[Dataset excerpts]
——————————
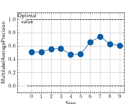 >>> # Example plotting multiple values >>> import torch >>> from torchmetrics.classification import MultilabelAveragePrecision >>> metric = MultilabelAveragePrecision(num_labels=3) >>> values = [ ] >>> for _ in range(10): ... values.append(metric(torch.rand(20,3), torch.randint(2, (20,3)))) >>> fig_, ax_ = metric.plot(values)
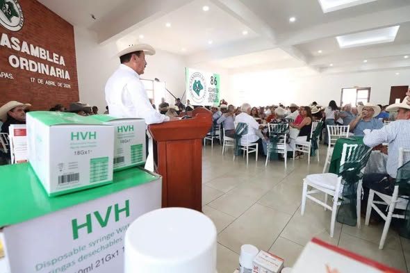 El secretario Marco Antonio Barba Arrocha entregó, en el marco de la Semana del Campo, apoyos al sector ganadero durante la 86 Asamblea General Ordinaria de la Unión Ganadera Regional de Chiapas, en representación del gobernador Eduardo Ramírez Aguilar.
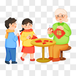 手绘卡通老奶奶教孙子孙女剪花窗免抠素材
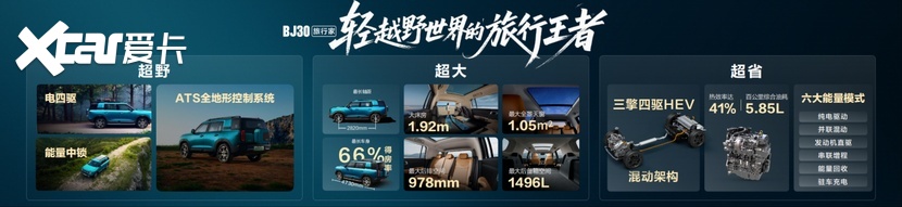 即便是轻越野旅行SUV,也需要足够专业的越野能力。BJ30旅行家要做越野能力最强的轻越野旅行SUV,搭载超级混动系统,拥有同级最大的301kW综合功率和同级最大的685N•m综合扭矩;搭载电四驱系统,响应速度仅需0.03秒,是机械四驱的3倍以上;搭载极速模式,零百加速仅需6.59秒;配备“能量中锁”和“四轮电子限滑”功能,能自动识别打滑车轮并将动力瞬间转移至有附着力的车轮,实现轻松脱困;拥有ATS全地形控制系统,提供雪地、沙地、泥地、涉水等7种驾驶模式,应对旅行之中的复杂路况。BJ30旅行家通过更高维度的技术标准来打破轻越野市场。可以说,这是对行业现有产品的“降维打击”。
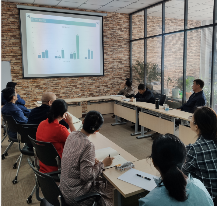 学院院长张宗胜就国际教育学院和国际交流合作处的职责分工、人员构成,以及学校的国际化师资队伍建设、在校生国际交流、外国专家和留学生工作等方面基本情况作了简要汇报,并介绍了今后一段时间国际教育学院在海外高层次人才引进、师生国际交流、依托“一带一路”国家大政方针优化整合学校国际资源、搭建国际科研合作创新平台等方面的工作思路、重点和发展方向。
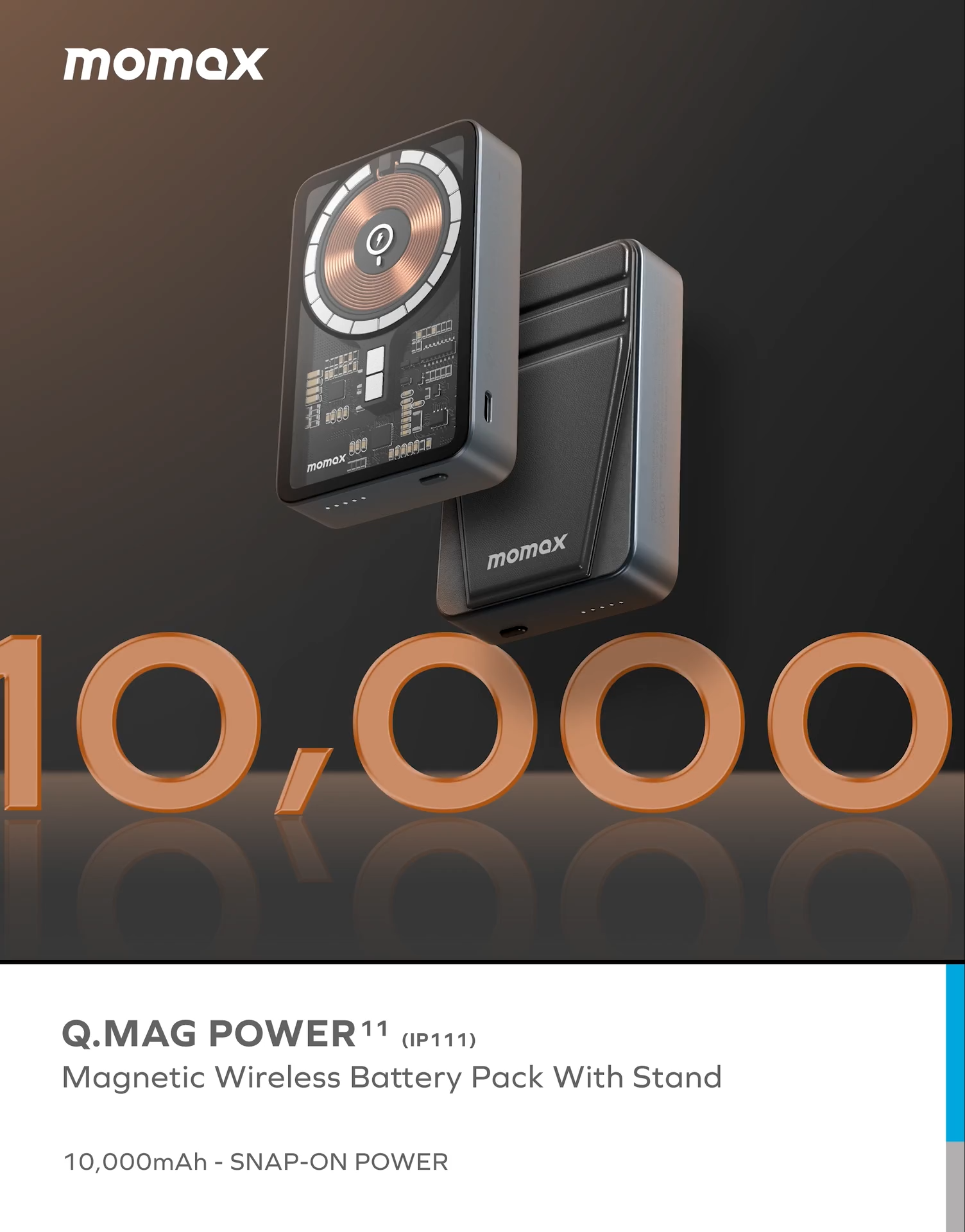Get ready to power up your devices with the Q.Mag Power 11, the ultimate charging companion for your busy lifestyle. With a massive 10,000mAh battery capacity, it supports wireless charging for iPhone 12/13/14 series and other Qi-enabled devices up to 15W, with a PD output of up to 20W. The foldable stand provides flexible viewing orientation for users, while the industrial design with a transparent glass front that displays the inner component of the battery pack and the aluminium alloy body gives a premium metallic touch.
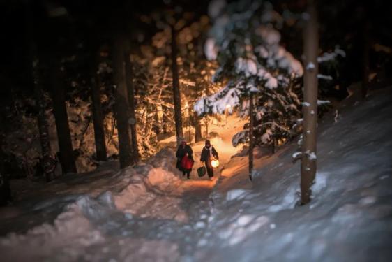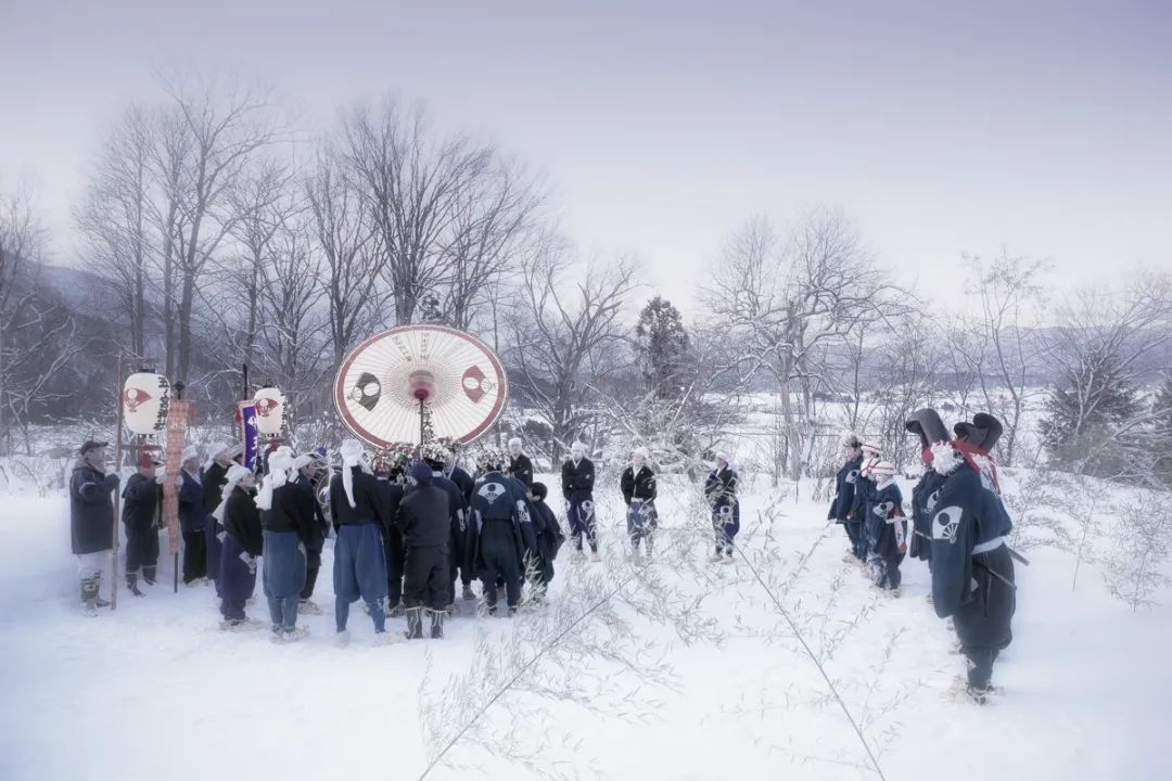 秋田县鹿角市位于青森县、岩手县、秋田县的交界处,11月下旬开始下雪,一直到3月下旬,是一个豪雪地带。祭祀活动的那天清晨,月亮还残留在空中俯瞰大地。夏季绿油油的农田被大雪完全覆盖。冬天这里有的时候气温低至零下20度,是非常严酷的环境。
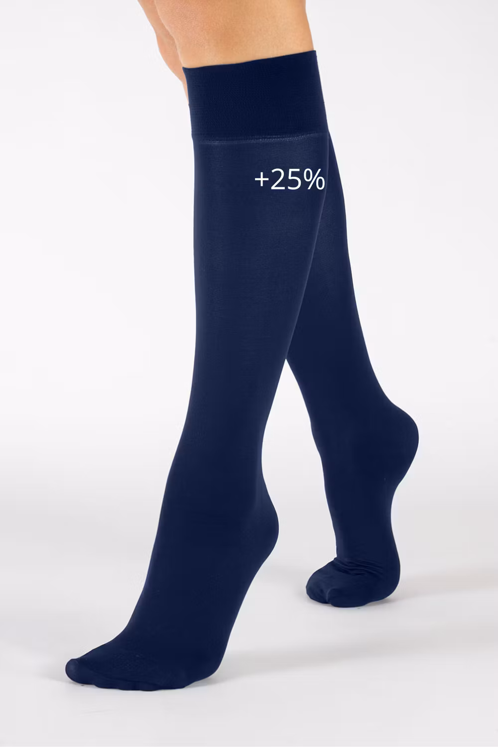 Knästrumpa speciellt anpassad för kraftiga ben med +25% extra vidd och brett komfortband. Hållbar kvalitet. Säljs i 2-pack.
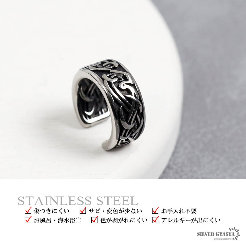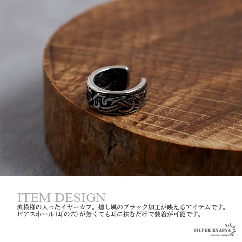 ■ITEM DETAIL スクロールデザインのイヤーカフ。燻し風のブラック加工が映えるアイテムです。ピアスホール(耳の穴)が無くても耳に挟むだけで装着が可能です。 ■ステンレス製 金属部分はステンレス製を採用。耐久性に優れ、水場での使用やつけっぱなしも問題ありません。金属アレルギーも出にくく安心して使用できます。 | |
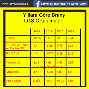 2018 2019 2020 ve 2021 yıllarında yapılan LGS’de derslere göre öğrencilerin yaptıkları ortalamalardır.
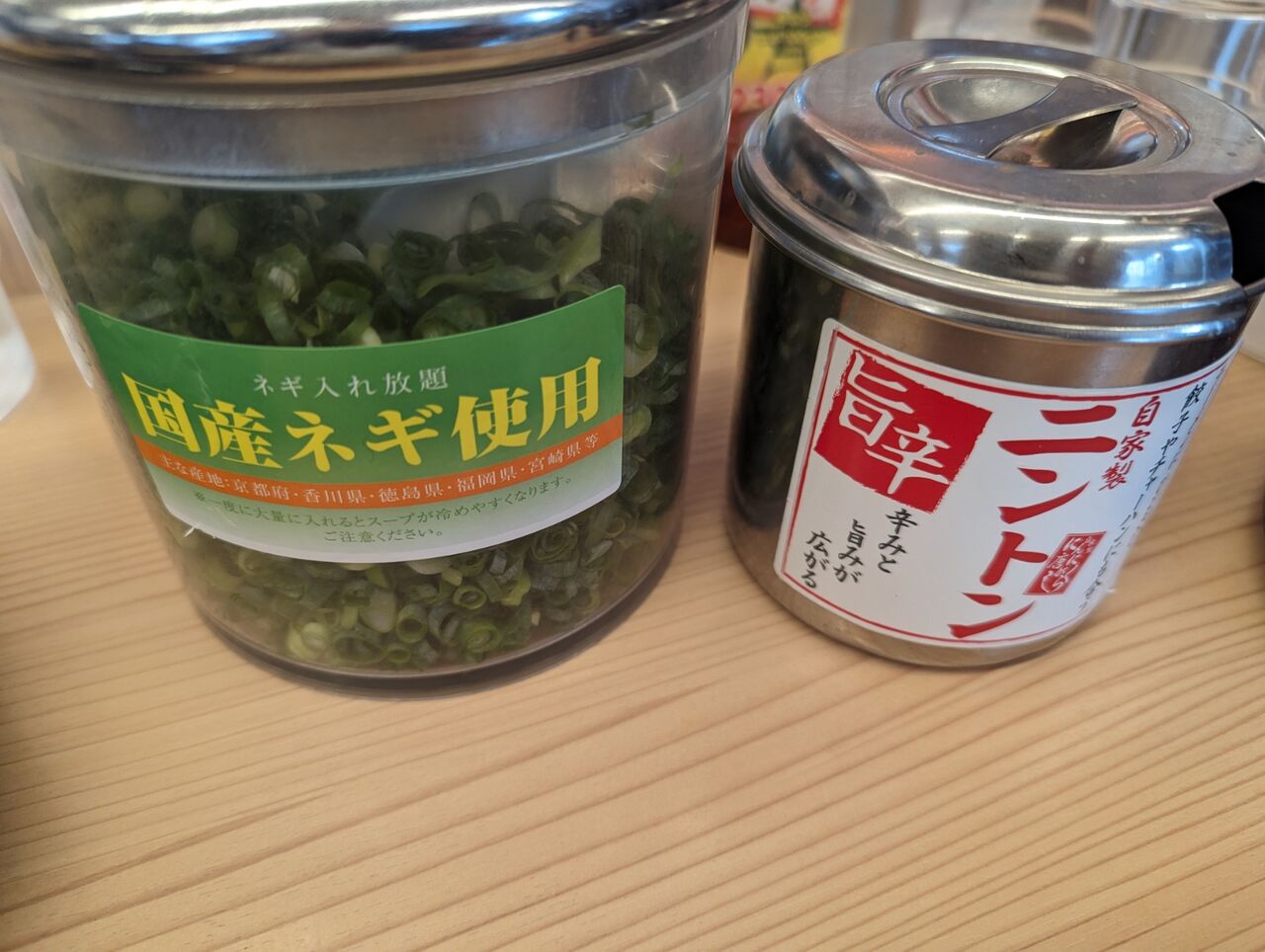 ▼ラーメン横綱といえば「国産ネギ入れ放題」と「自家製ニントンによる味変」です。
——————————
### What you need to do
Because the copy must hold no pictures, return only the lines that run from the line containing "2018 2019 2020" to the end of the data above, each exactly as it stands.

### Result below
 2018 2019 2020 ve 2021 yıllarında yapılan LGS’de derslere göre öğrencilerin yaptıkları ortalamalardır.
 ▼ラーメン横綱といえば「国産ネギ入れ放題」と「自家製ニントンによる味変」です。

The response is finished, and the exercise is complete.